Antigone: Requiem per Patriarchus

Do you know what a gnu looks like? It’s one of several animals described as “looking like it was made by a committee”. SATE/ERA’s Antigone: Requiem per Patriarchus escapes that…

Do you know what a gnu looks like? It’s one of several animals described as “looking like it was made by a committee”.
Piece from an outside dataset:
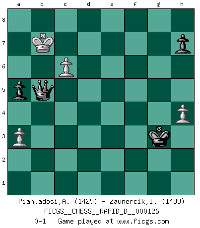 Last move : 0-1 2019 December 17 0:37:16 [Event "FICGS__CHESS__RAPID_D__000126"] [Site "FICGS"] [Date "2019.10.05"] [Round "1"] [White "Piantadosi,Angelo"] [Black "Zaunercik,Ilmar"] [Result "0-1"] [WhiteElo "1429"] [BlackElo "1439"] 1.e4 e5 2.Nf3 Nc6 3.Bb5 a6 4.Bxc6 dxc6 5.O-O Bd6 6.d4 exd4 7.Nxd4 Nf6 8.Nc3 O-O 9.f3 Bc5 10.Be3 Re8 11.Nf5 Bxe3+ 12.Nxe3 Be6 13.Qxd8 Raxd8 14.Rad1 b5 15.Rxd8 Rxd8 16.Rd1 Rxd1+ 17.Nexd1 Kf8 18.Ne3 Ke7 19.Kf2 Kd6 20.f4 Ng4+ 21.Nxg4 Bxg4 22.h3 Be6 23.a3 Kc5 24.Ke3 f6 25.g4 a5 26.Ne2 Kd6 27.Nd4 Bc8 28.Nf5+ Bxf5 29.exf5 Kd5 30.b3 c5 31.Kd3 c4+ 32.bxc4+ bxc4+ 33.Kc3 Kc5 34.g5 Kd5 35.gxf6 gxf6 36.Kd2 Ke4 37.Kc3 Kxf4 38.Kxc4 Kxf5 39.Kd5 Kf4 40.c4 f5 41.Kc6 Kg3 42.Kxc7 f4 43.c5 f3 44.Kb7 f2 45.c6 f1Q 46.h4 Qb5+ 0-1 Ruy Lopez : Exchange variation, 5.O-O Kingside Castling by player White (move 5) Kingside Castling by player Black (move 8) 10 pieces endgame at move 38 : White KPPPP , Black KPPPP WHITE : King + 4 Pawns BLACK : King + 4 Pawns 9 pieces endgame at move 38 : White KPPP , Black KPPPP WHITE : King + 3 Pawns BLACK : King + 4 Pawns 8 pieces endgame at move 42 : White KPPP , Black KPPP WHITE : King + 3 Pawns BLACK : King + 3 Pawns Promotion Queen by player Black (move 45) Player Black won this chess game. Follow this game move after move (download)Fischer is an American Chess tragedy on par with Morphy and Pillsbury. (Mig Greengard) Was ist der Unterschied zwischen einem Strassenarbeiter und einem Schachspieler? --Der Schachspieler bewegt sich ab und zu. (Anonymous) La belleza de un movimiento no se refleja solo en su apariencia, sino en el pensamiento detrás de él. (Siegbert Tarrasch) Les Echecs sont et restent toujours un combat, un combat intégral comme la boxe, la lutte ou un autre sport, et où il doit y avoir un vainqueur et un vaincu. (Joseph Emil Diemer) 'preceded by its own quotation yields a falsehood' preceded by its own quotation yields a falsehood. (W. V. O. Quine - Set Theory And Its Logic, 1953)

SATE/ERA’s Antigone: Requiem per Patriarchus escapes that problem, despite being a production of the classic that’s gone through several layers of the creation process. It began as a playwriting project at the Women’s Eastern Reception, Diagnostic and Correctional Center in Vandalia, MO, under the auspies of Lucy Cashion and Rachel Tibbetts working for PPA, Prison Performing Arts. Those results were then taken to a St. Louis University Theatre creative team, where Cashion is an assistant professor, and more work was done. The play was staged there, and then taken back to WERDCC to be performed at that facility by the SLU group. A few months later the Vandalia Women’s Theatre did its own production. And now, more than a year after that, we have the results of that script re-structured by the SATE and ERA groups, including the original script, plus adaptations of the original text by, among others, Bertold Brecht and Anne Carson and for a soupcon of irony, poetry by Dorothy Parker and some transcripted dialogue from the Brett Cavanaugh hearing. It does not resemble a gnu.

Antigone

Yes, it is something of a mish-mosh. But it works. It’s not a tidy, traditional show – there’s some choreography, a little music, some stand-up comedy and a fair amount of what would be over-the-top acting were it not for the fact that this is a classic Greek tragedy, and if that’s not dramatic, then what on earth would be? Yes, indeed, it works.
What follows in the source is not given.